## Exercise
In the listing below, find the line containing "I tested the" and the line containing "เสื้อยืดบล็อกส". Repeat exactly those two lines and every line between them, nothing more.

## Data shown
══════════════════════════════
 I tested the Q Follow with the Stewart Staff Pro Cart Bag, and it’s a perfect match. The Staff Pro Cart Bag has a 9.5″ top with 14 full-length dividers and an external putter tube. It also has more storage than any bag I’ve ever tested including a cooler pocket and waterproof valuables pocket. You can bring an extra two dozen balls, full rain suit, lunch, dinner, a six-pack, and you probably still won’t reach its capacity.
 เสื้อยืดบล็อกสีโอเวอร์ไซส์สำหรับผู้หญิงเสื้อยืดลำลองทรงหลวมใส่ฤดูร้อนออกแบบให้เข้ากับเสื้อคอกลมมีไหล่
══════════════════════════════
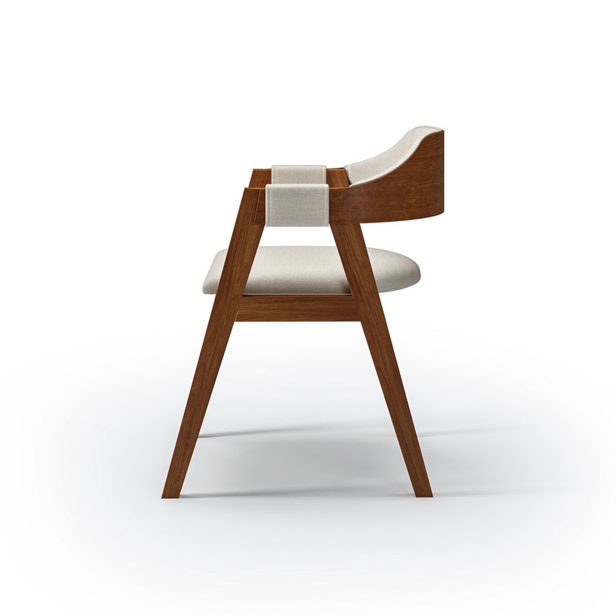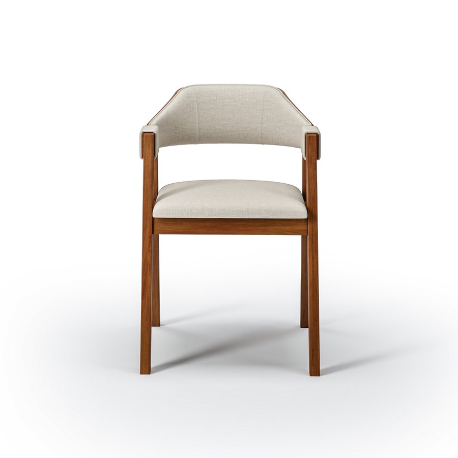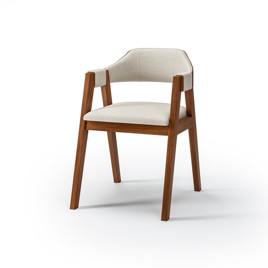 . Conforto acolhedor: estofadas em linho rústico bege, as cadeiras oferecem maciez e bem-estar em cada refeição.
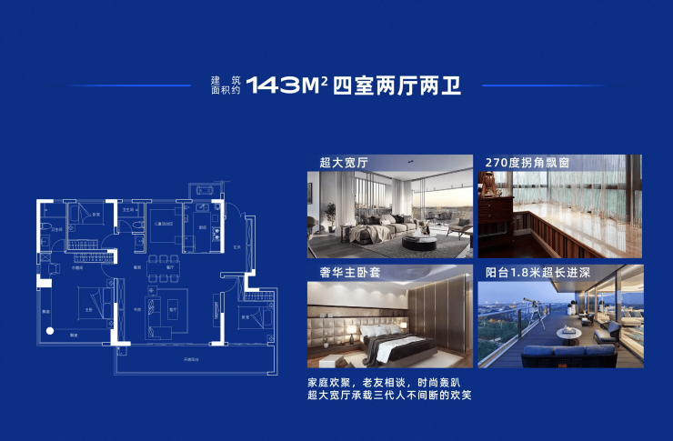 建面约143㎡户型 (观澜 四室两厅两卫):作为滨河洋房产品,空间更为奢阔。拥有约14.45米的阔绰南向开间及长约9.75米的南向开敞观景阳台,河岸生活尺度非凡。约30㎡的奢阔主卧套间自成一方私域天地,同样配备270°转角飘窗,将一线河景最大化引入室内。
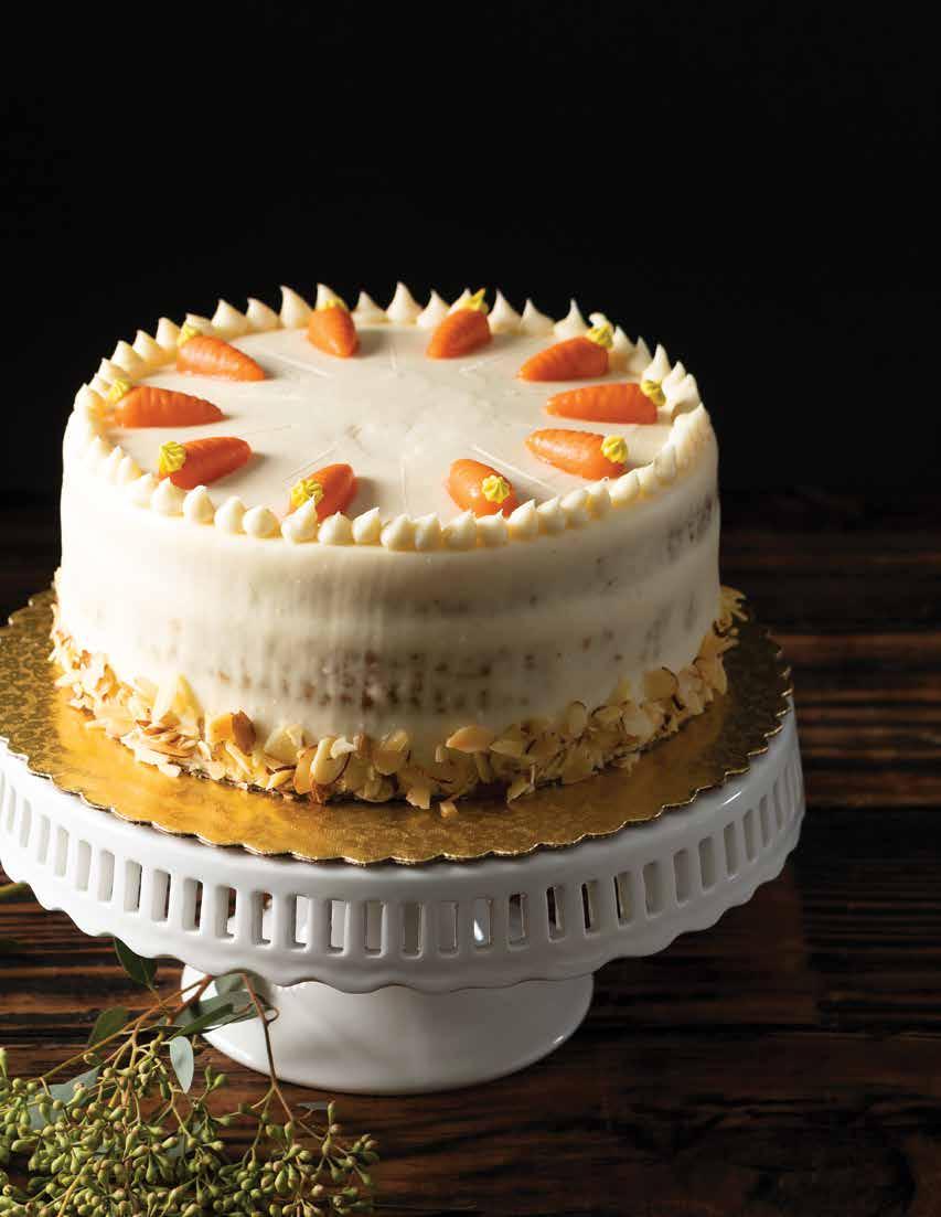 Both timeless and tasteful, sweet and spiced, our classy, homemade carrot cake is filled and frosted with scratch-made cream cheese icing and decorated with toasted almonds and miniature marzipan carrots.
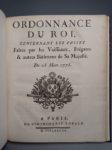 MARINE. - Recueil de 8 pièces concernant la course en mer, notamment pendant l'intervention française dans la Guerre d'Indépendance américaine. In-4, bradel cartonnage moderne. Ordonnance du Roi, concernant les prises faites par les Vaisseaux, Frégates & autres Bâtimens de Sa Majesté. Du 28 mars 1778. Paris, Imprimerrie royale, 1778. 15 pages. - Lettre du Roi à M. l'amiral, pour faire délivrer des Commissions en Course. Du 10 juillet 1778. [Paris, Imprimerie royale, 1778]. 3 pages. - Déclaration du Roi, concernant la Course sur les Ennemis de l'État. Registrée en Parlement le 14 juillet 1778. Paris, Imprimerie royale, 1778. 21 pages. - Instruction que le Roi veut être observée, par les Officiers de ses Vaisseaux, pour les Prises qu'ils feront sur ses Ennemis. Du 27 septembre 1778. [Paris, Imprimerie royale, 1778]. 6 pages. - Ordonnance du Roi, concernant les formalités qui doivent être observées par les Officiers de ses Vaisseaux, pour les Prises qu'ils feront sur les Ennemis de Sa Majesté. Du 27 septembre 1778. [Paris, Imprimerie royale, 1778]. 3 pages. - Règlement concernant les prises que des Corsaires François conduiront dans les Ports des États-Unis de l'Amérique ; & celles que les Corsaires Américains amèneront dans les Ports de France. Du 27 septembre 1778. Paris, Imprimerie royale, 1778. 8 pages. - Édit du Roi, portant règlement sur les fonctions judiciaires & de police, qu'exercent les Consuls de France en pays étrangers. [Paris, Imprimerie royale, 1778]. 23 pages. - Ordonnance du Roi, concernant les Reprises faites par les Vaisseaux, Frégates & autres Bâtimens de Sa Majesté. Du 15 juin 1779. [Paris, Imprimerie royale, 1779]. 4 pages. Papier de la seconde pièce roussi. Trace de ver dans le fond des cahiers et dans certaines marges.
══════════════════════════════
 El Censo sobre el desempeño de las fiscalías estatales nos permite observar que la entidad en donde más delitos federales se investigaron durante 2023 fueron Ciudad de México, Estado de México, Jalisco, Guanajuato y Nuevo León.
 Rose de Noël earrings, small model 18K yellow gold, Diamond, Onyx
══════════════════════════════
## Result of this exercise
 I tested the Q Follow with the Stewart Staff Pro Cart Bag, and it’s a perfect match. The Staff Pro Cart Bag has a 9.5″ top with 14 full-length dividers and an external putter tube. It also has more storage than any bag I’ve ever tested including a cooler pocket and waterproof valuables pocket. You can bring an extra two dozen balls, full rain suit, lunch, dinner, a six-pack, and you probably still won’t reach its capacity.
 เสื้อยืดบล็อกสีโอเวอร์ไซส์สำหรับผู้หญิงเสื้อยืดลำลองทรงหลวมใส่ฤดูร้อนออกแบบให้เข้ากับเสื้อคอกลมมีไหล่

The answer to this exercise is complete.